In April 2016 the FCA published a discussion paper (16/3) on the availability of information in the UK's IPO process, and it concluded that prospectuses should play a central role within this process. The discussion paper explored possible avenues for reform to address growing concerns within the market and improve the IPO process in the interest of both issuers and investors. In particular, it sought to make key investor information available earlier so that investors could rely upon it during their decision making. In the discussion paper the FCA noted that, based on its market study, only one transaction featured unconnected research published during the IPO process, resulting in connected research being the only source of information provided to investors during the initial marketing period, aside from any media coverage.
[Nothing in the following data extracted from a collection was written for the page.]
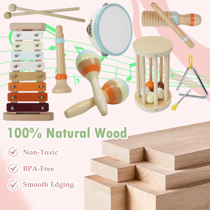 - 【Baby musical instruments】Kid musical instrument,Our baby musical instruments is Raw wood production, being 100% BPA-free,Carefully polished, with a smooth and delicate surface safe,non-toxic,easy to clean.All of baby instruments have passed the most stringent CPC,Children can use this product with confidence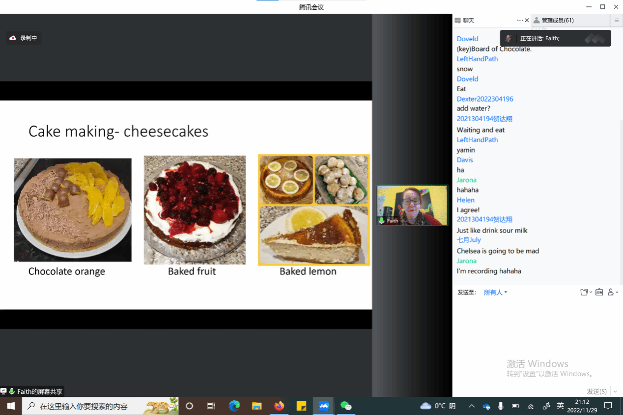 11月29日,第一场活动邀请到深受同学们喜爱的Faith Nightingale老师。Faith老师为本次活动精心准备了丰富有趣的内容,首先,她向同学们介绍了如何制作蛋糕的全过程,以及各类烘焙糕点和特色美食,包括英国餐桌礼仪等文化习俗。同学们热情高涨,纷纷表示本次活动内容精彩,形式新颖,极大地丰富了课余生活。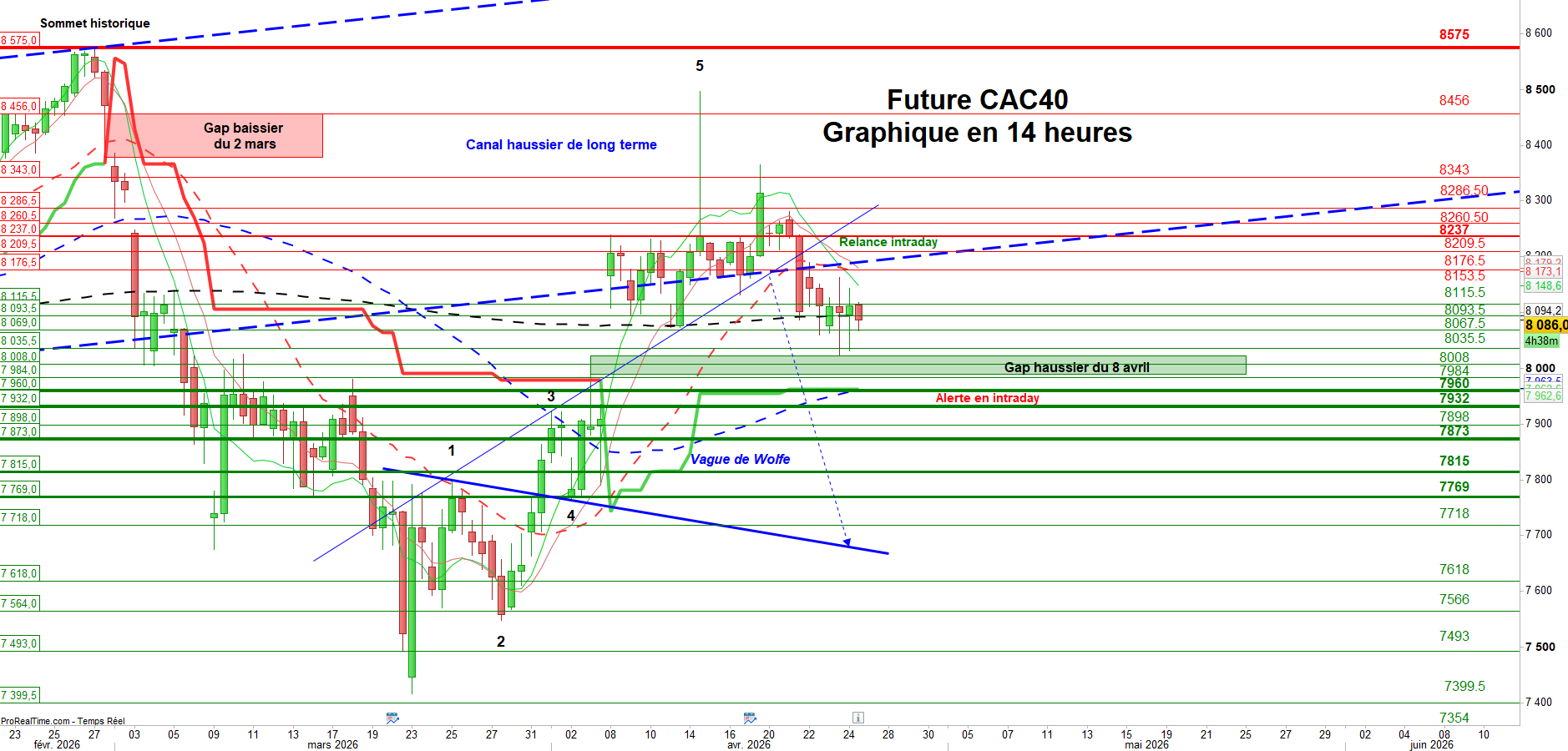 Graphiquement, le future CAC 40 (données à 14h), confirme le retour d’une pression baissière à court terme, amorcée depuis la validation d’une figure de retournement le 21 avril. Cette configuration, de type vague de Wolfe — fait ressortir un objectif situé dans la zone des 7 680 à 7 640 points.
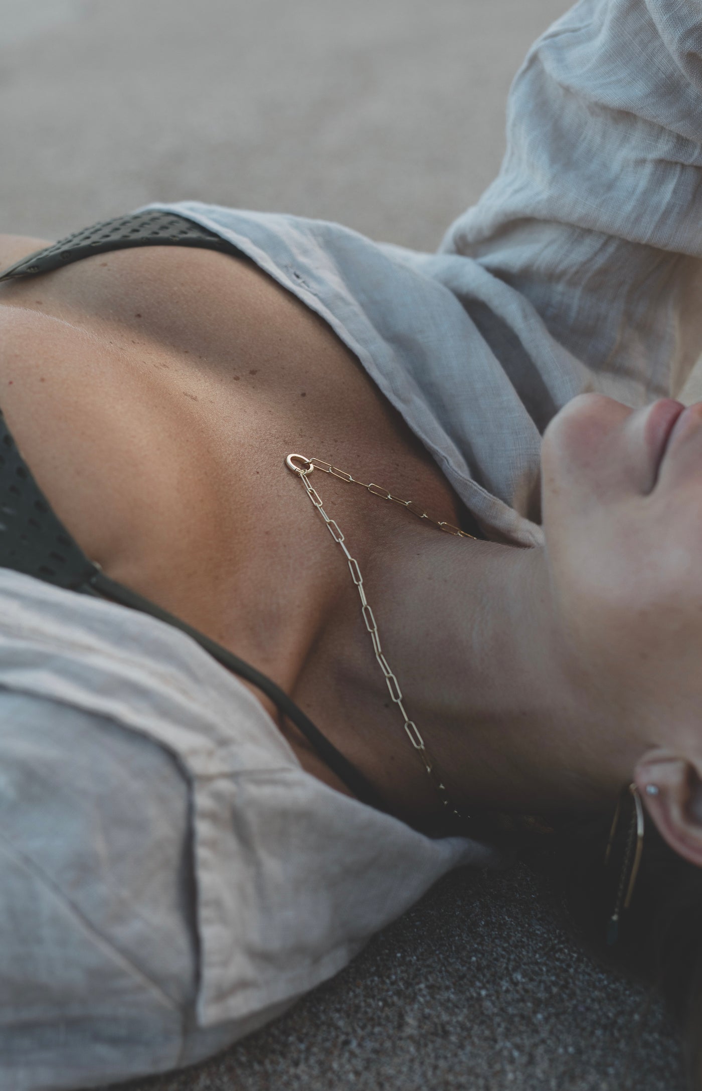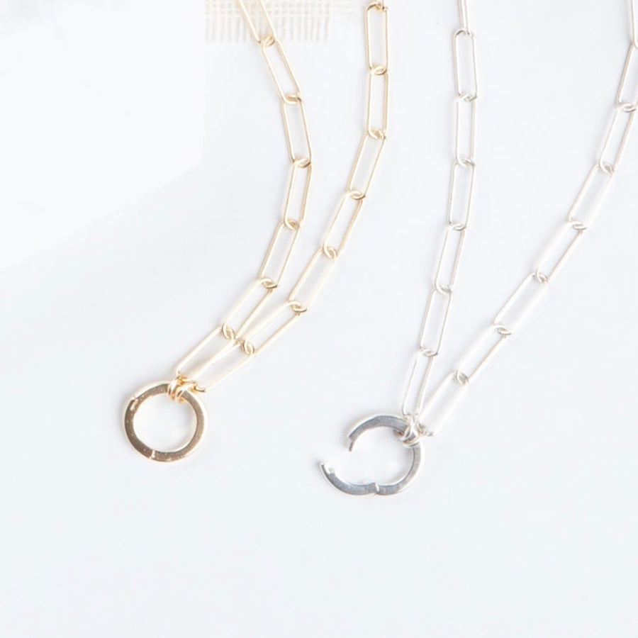 Our Hudson necklace chain is both fashionable and versatile. It features a large ring clasp in the front to easily add charms and stones of your choice.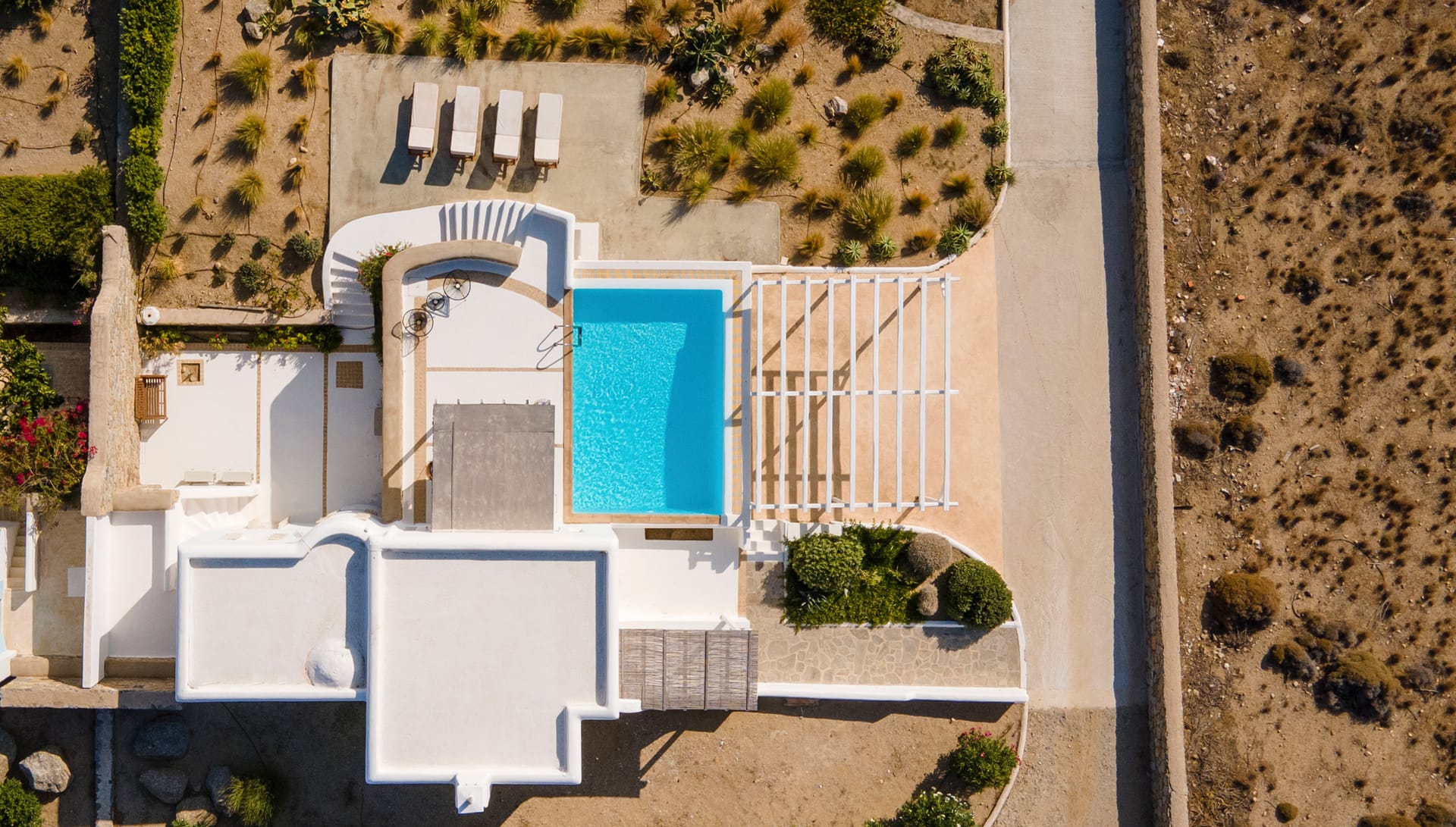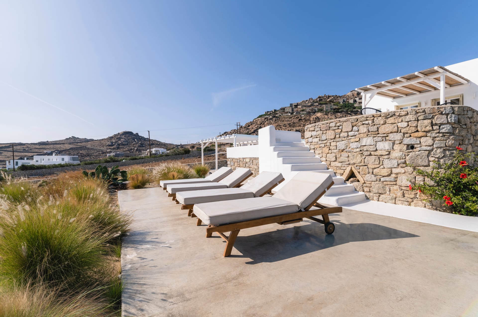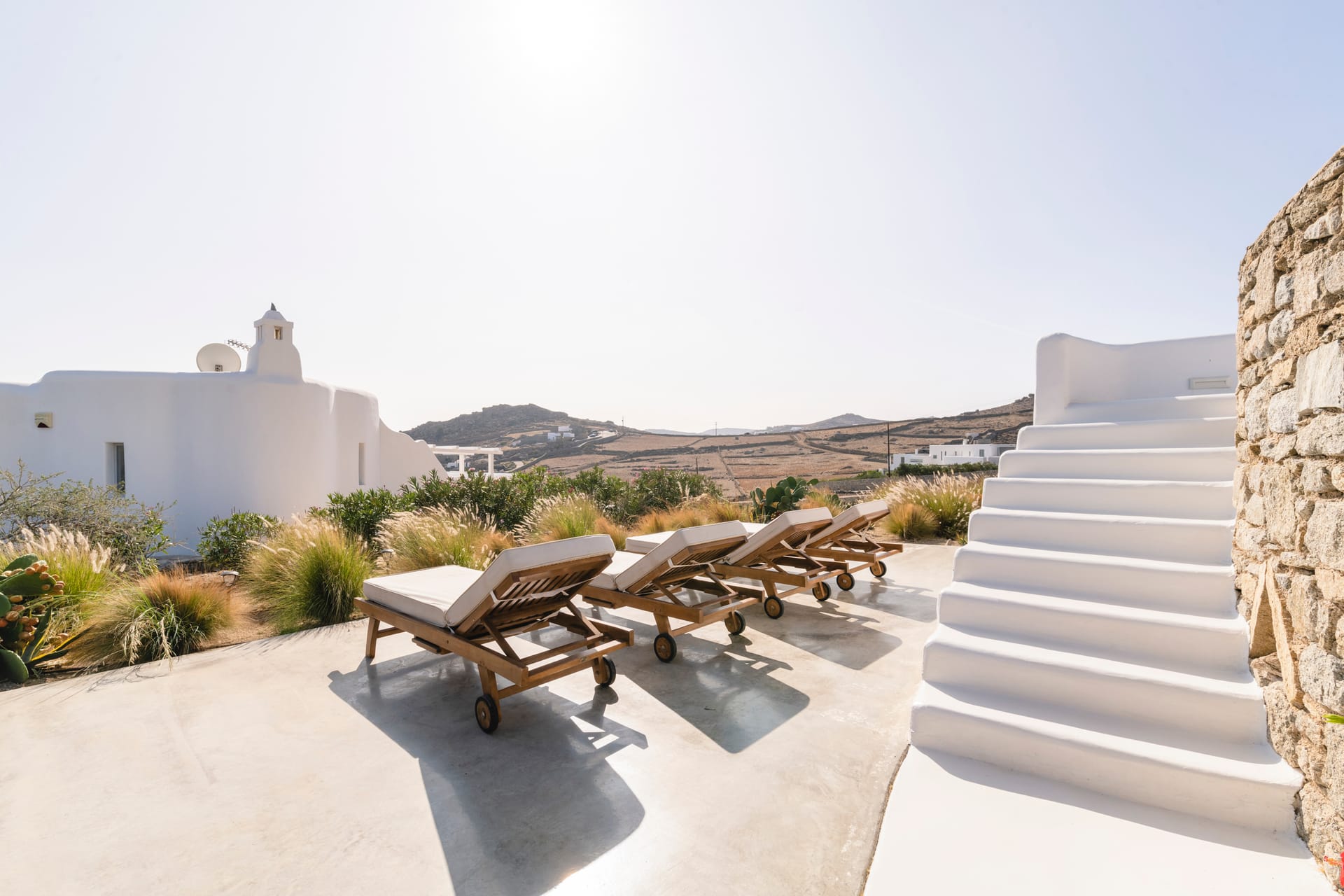 Our Villa is a 107sqm modern Mykonian house with private pool, incorporating 3 master-bedrooms with en-suite bathrooms, kitchen-living room and a large patio and bohemian style garden.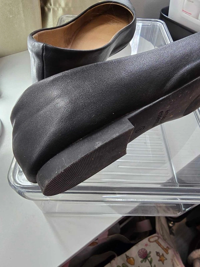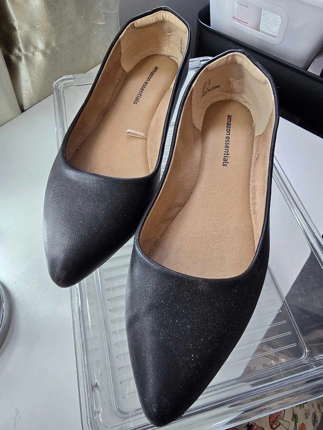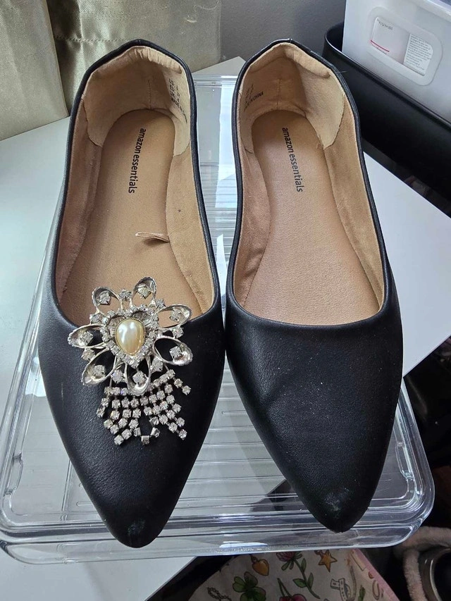 Never worn, except for trying them on indoors to see if they fit. I need a pair of black flats for work in the service industry, so these are an awesome deal at a great price. Size 6. I've added a clip to one shoe to show how easily they can be dressed up for a night out. Pickup near the corner of Grantham Ave and Carlton Street. From a very clean, smoke-free home. Please take a peek at my other ads, thank you!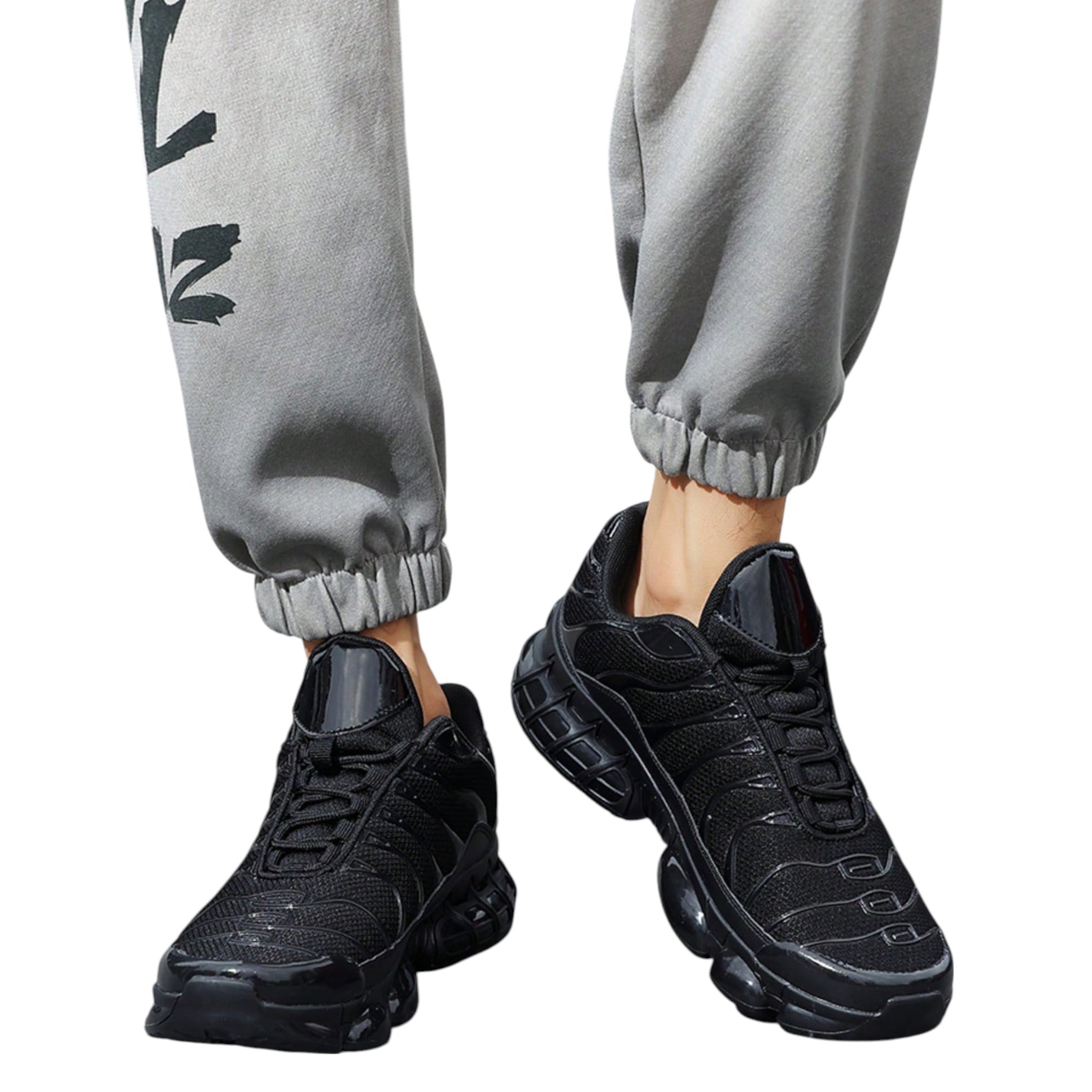 Címke nélküli, fekete, hálós és műbőr anyag kombinációja, vastag, barázdált talp.

The paper also questioned the use and effectiveness of blackout periods.

The City of London Law Society and the Law Society's Company Law Committee joint working party ("The Committee") has now published a response to the FCA's discussion paper. The Committee highlight their support for the suggestion that the issuer's principal disclosure documents (draft "pathfinder" prospectuses or registration documents) should be made available to investors earlier in the IPO process with research available as a commentary on that disclosure. An amended timetable would, according to the Committee, generate the following advantages:

  • the research can be much shorter and more focussed, taking less time to produce;
  • the risk of inconsistencies between the research and the prospectus is reduced, without requiring issuer involvement in the research production process (checking factual accuracy), which is otherwise necessary but which could be seen as prejudicing the independence of the research; and
  • investors will be able to rely principally on the issuer's document for the background information on the company and the risks associated with an investment in its shares.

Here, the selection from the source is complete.